◆ **Exercise details**
Set down again exactly the lines of the listing below that fall between the line holding "Guirnalda de luces" and the line holding "സംഘപരിവാര് ബന്ധമുള്ള അക്കൗണ്ടുകളില്നിന്നാണ്", inclusive.

◆ **Extracted information**
* * *

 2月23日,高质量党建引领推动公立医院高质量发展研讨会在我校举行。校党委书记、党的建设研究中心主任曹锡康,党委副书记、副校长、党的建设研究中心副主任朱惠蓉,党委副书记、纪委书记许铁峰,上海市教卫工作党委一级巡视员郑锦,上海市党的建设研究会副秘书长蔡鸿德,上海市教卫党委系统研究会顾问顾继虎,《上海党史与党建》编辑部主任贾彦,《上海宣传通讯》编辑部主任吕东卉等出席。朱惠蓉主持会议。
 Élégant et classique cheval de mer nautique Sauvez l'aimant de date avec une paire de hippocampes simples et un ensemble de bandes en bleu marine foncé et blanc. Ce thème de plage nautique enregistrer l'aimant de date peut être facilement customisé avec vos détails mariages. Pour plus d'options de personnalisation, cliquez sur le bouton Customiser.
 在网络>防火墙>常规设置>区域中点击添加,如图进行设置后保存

* * *

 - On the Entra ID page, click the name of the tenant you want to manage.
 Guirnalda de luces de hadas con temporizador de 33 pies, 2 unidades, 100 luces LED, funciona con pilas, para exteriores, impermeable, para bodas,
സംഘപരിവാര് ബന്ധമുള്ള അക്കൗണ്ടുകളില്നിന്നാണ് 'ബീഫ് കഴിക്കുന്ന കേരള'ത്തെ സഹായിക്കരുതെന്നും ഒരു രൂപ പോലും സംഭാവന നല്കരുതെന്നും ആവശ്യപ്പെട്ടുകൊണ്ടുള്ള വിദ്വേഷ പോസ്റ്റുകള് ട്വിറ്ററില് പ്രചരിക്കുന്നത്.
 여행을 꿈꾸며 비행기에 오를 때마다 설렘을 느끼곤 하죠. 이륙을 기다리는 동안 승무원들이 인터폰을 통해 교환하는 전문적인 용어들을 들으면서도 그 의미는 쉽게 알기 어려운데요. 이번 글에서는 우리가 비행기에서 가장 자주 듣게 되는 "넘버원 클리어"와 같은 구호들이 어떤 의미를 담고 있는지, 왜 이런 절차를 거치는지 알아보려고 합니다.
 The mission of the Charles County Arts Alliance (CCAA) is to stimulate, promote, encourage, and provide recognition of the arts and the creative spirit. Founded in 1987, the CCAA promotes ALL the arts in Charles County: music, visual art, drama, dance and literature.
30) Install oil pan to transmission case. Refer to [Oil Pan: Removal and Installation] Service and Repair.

* * *

◆ **Completed exercise**
 Guirnalda de luces de hadas con temporizador de 33 pies, 2 unidades, 100 luces LED, funciona con pilas, para exteriores, impermeable, para bodas,
സംഘപരിവാര് ബന്ധമുള്ള അക്കൗണ്ടുകളില്നിന്നാണ് 'ബീഫ് കഴിക്കുന്ന കേരള'ത്തെ സഹായിക്കരുതെന്നും ഒരു രൂപ പോലും സംഭാവന നല്കരുതെന്നും ആവശ്യപ്പെട്ടുകൊണ്ടുള്ള വിദ്വേഷ പോസ്റ്റുകള് ട്വിറ്ററില് പ്രചരിക്കുന്നത്.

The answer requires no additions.